In the grass that has overgrown
causes and effects,
someone must be stretched out
blade of grass in his mouth
gazing at the clouds.

Source: Miracle Fair: selected poems of Wisława Szymborska (W. W. Norton and Company Inc., 2001)

Saturday, March 5, 2022

The Way Out

As can be seen from the sidebar listing what Big Frank is currently reading, he is interested in learning more on "How to Overcome Toxic Polarization" in Peter R. Coleman's recent book, The Way Out. From what Big Frank haa read so far this is not a book that lays out a roadmap for how one side or the other triumphs over the other. This is not a manual on how to debate better nor is it a treatise laying out the moral superiority of one side over the other. Rather it appears, from what Big Frank has read so far to be a book on how the two sides broadly understood to be facing off against each other in the U.S. today could stop thinking of themselves as people in opposition to each other despite differing viewpoints on any number of issues.

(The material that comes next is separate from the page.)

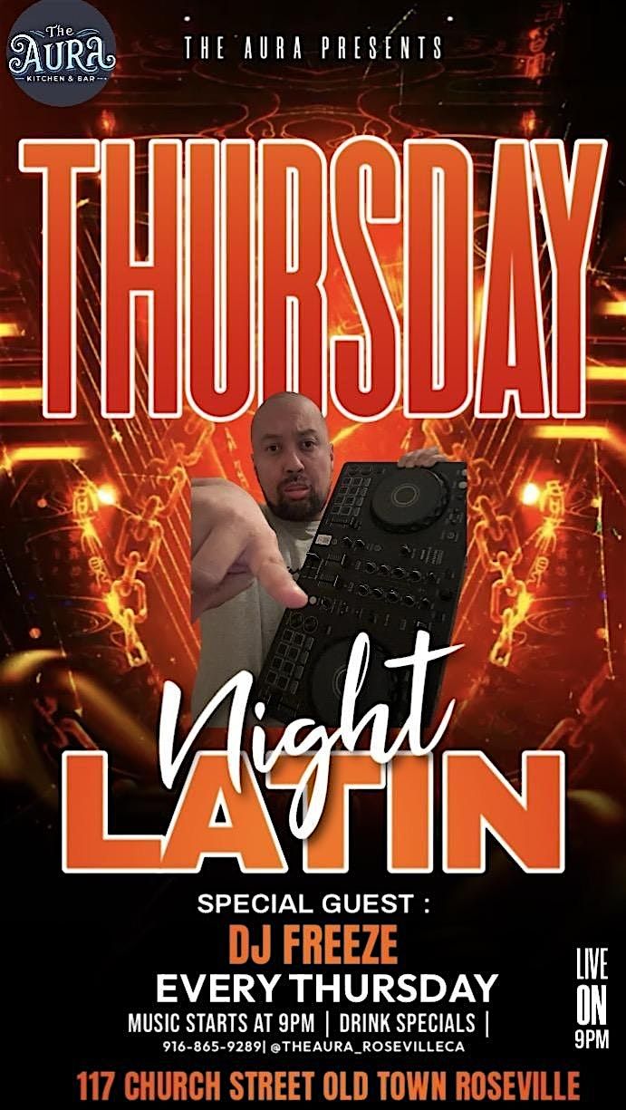 Get ready for a fun night at The Aura Kitchen and Bar on March 26, 2026 at 9:00 PM (PDT). Join us for great vibes, awesome Latin beats, and tasty drinks. Whether you're coming with friends or flying solo, it's the perfect way to kick off your Thursday night. Don’t miss out on the energy and rhythm that make Auras Latin Thursdays a weekly favorite! Surprise food truck being featured! DJ FREEZE IN THE MIX with the hottest beats! You won't wanna miss out on Rosevilles only Thusday Latin party!

How does this happen? Perhaps the best method is, according to for example the experiences of pro-choice and anti-abortion groups in Boston, having the experience of being with the opposition, as it were, of learning that the point of opposition between you does not define either of you, and that there is so much more to each of you, more for each of you to share and care about. It reminds me of Emmanuel Levinas' philosophy of The Other wherein he writes that because of the asymmetrical relationship of our relatioship with our neighbour, we have an ethical responsibilit that compels us to respond to him. In this way our humanity is released as the solipsistic all-for-myself becomes a being-for-the-other. In this way we become ethically responsible for our neighbour. Those of us who have taken the time to sit down face-to-face with those on the other side of many issues we feel strongly about (abortion, vaccines, guns, election outcomes, healthcare, etc.) and continue the conversation for some time often find an acceptance of and growing affection for that person/those people who were previously primarily defined as the opposition.